■ **Exercise data**:

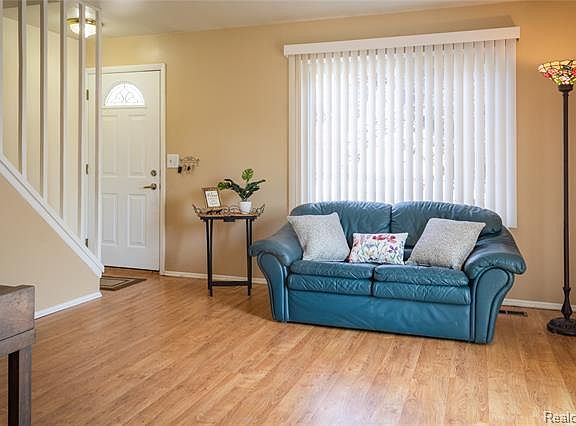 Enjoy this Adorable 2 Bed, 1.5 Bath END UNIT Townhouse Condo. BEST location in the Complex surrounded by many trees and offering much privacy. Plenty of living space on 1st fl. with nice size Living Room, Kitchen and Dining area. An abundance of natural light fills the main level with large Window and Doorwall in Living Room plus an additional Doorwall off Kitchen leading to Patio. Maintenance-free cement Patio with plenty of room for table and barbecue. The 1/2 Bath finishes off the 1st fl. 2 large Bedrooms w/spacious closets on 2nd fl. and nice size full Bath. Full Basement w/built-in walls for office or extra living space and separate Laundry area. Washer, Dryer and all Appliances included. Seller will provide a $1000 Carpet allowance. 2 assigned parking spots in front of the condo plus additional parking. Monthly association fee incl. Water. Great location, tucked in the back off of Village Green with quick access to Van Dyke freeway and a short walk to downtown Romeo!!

==

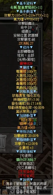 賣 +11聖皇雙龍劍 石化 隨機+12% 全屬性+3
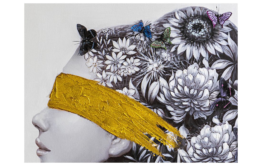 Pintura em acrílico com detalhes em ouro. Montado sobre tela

■ **Exercise details**: Above are some records. Output exactly the lines from the one that contains "賣 +11聖皇雙龍劍 石化 隨機+12% 全屬性+3" to the one that contains "Pintura em acrílico", keeping both, and omit the pictures.

■ **Solution**:
 賣 +11聖皇雙龍劍 石化 隨機+12% 全屬性+3
 Pintura em acrílico com detalhes em ouro. Montado sobre tela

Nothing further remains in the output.